For as long as I remember, once the awards are announced, the non-awarding juries come into play. Discussing the winners over coffee, lunch, dinner, drinks; at the palais, out of it and definitely at the gutter bar. The awarding juries are judged more than the work at this point in time. And never does a jury come out of it unscathed. Nor is there a year where some pieces that made it to that hallowed stage aren’t chastised.
But on the night, the team that’s on the stage cannot help but gasp with joy. (Those who aren’t aware – Only Golds and Grand Prixs make it to the stage). You feel like the rockstars who have just finished an incredible concert where your peers are suddenly your fans as they fill the auditorium with applause and whistles. And at that moment you know you want this moment again and again. Even the ones who have been on that stage on numerous occasions, have the same glint in their eyes and the same face-stretching smiles as the first-timers.
And the ones who may later dissect the wins and scoff at the winners; at that point in time would trade anything in the world to be there. Because it looks just as incredible from where they’re sitting.

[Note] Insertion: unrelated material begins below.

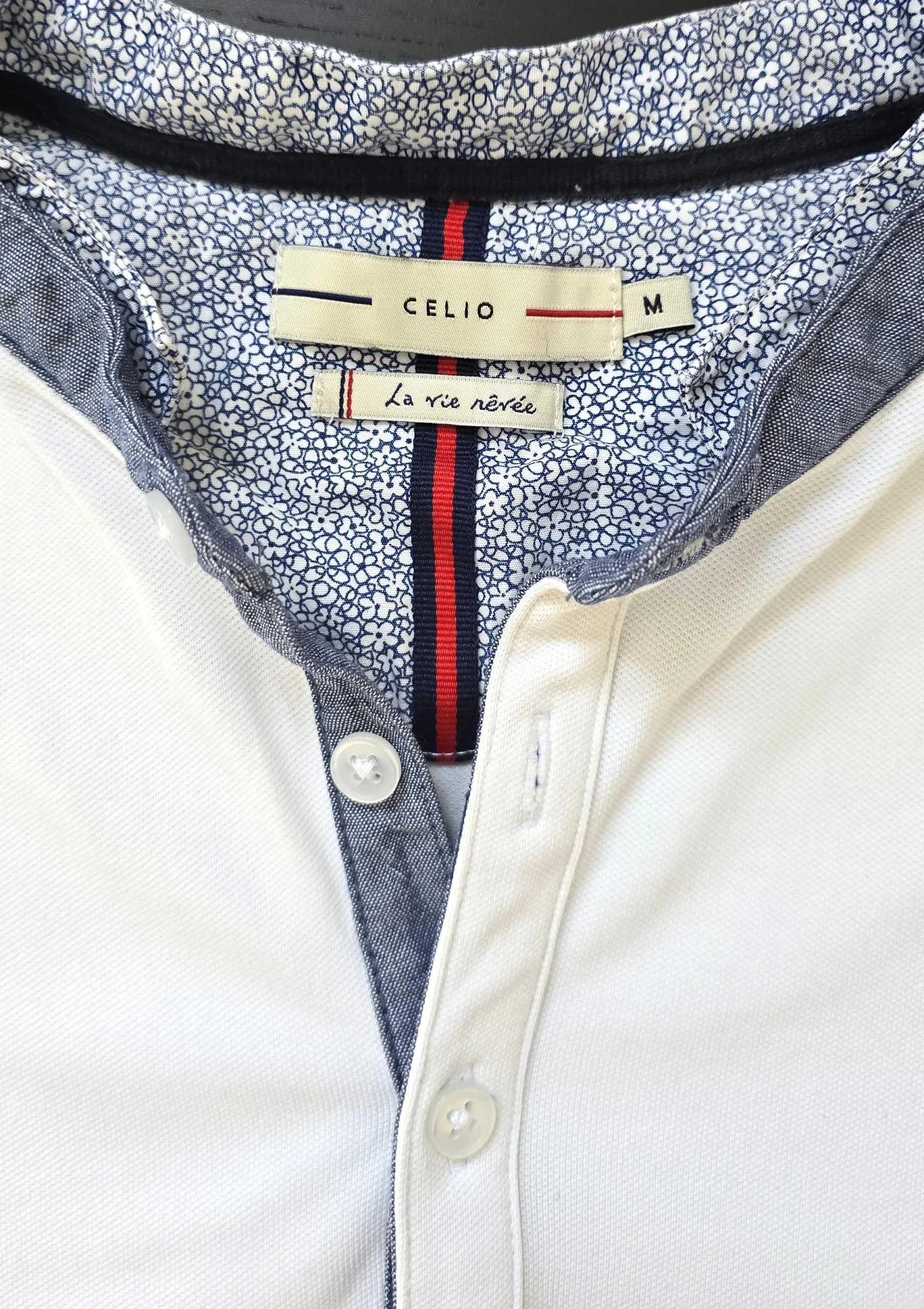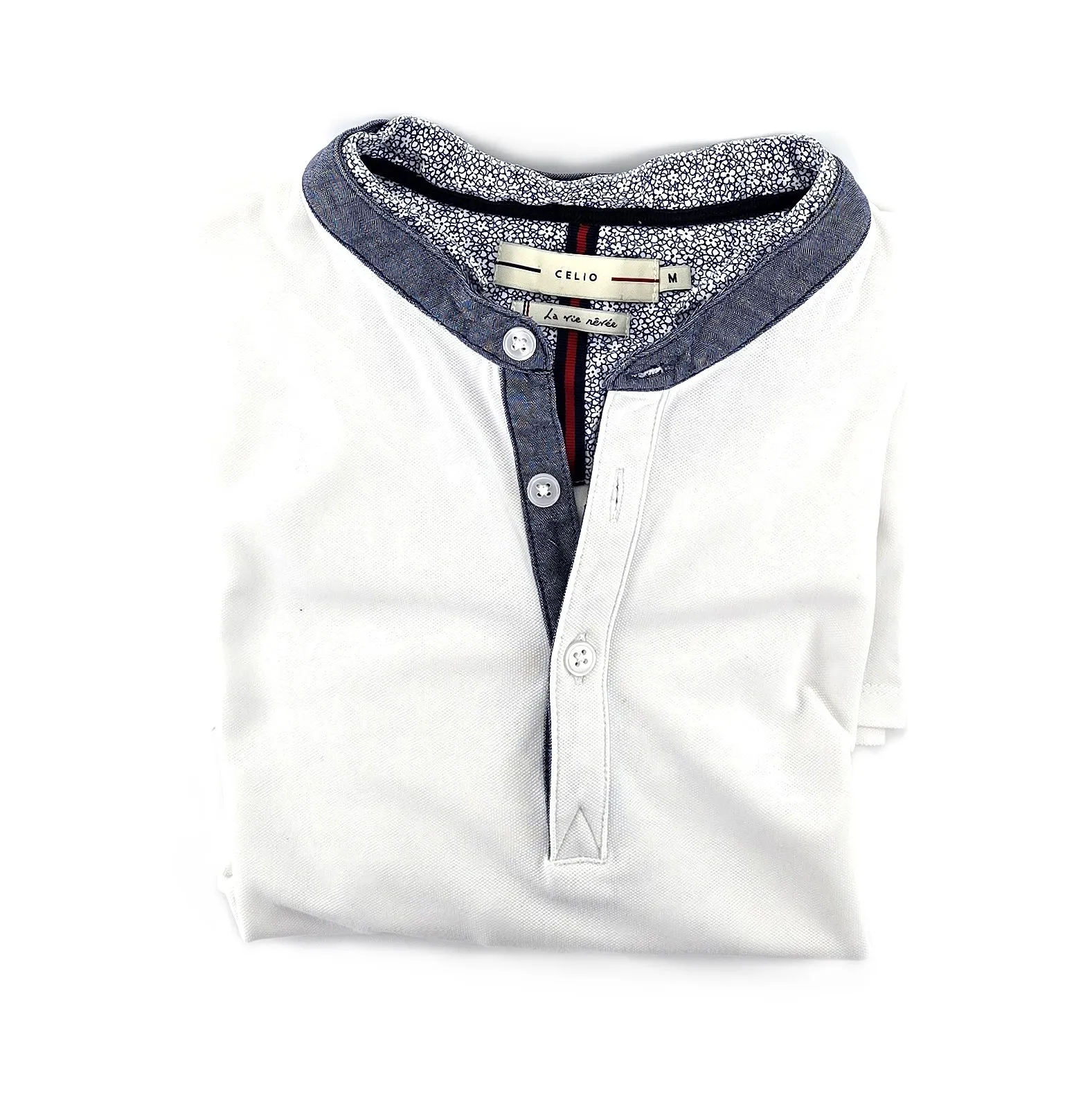 Minimalist shirts with subtle design details remain a staple in modern casual wardrobes. This Celio model combines the comfort of a classic T-shirt with the elegance of a structured collar. If you appreciate simple clothing enhanced with thoughtful details, this piece from the Vouge Vintage store offers a versatile addition to everyday outfits.

Bernbach had said that we’re so obsessed with the changing man, but we need to be more concerned with the unchanging man and his unchanging emotions and feelings (this is genderised only to stay true to the quote).
And no one understands it better than Cannes. While categories have been added and their definitions have been changed, Cannes still talks to what’s unchanging in all of us. And that stage is where it all comes together.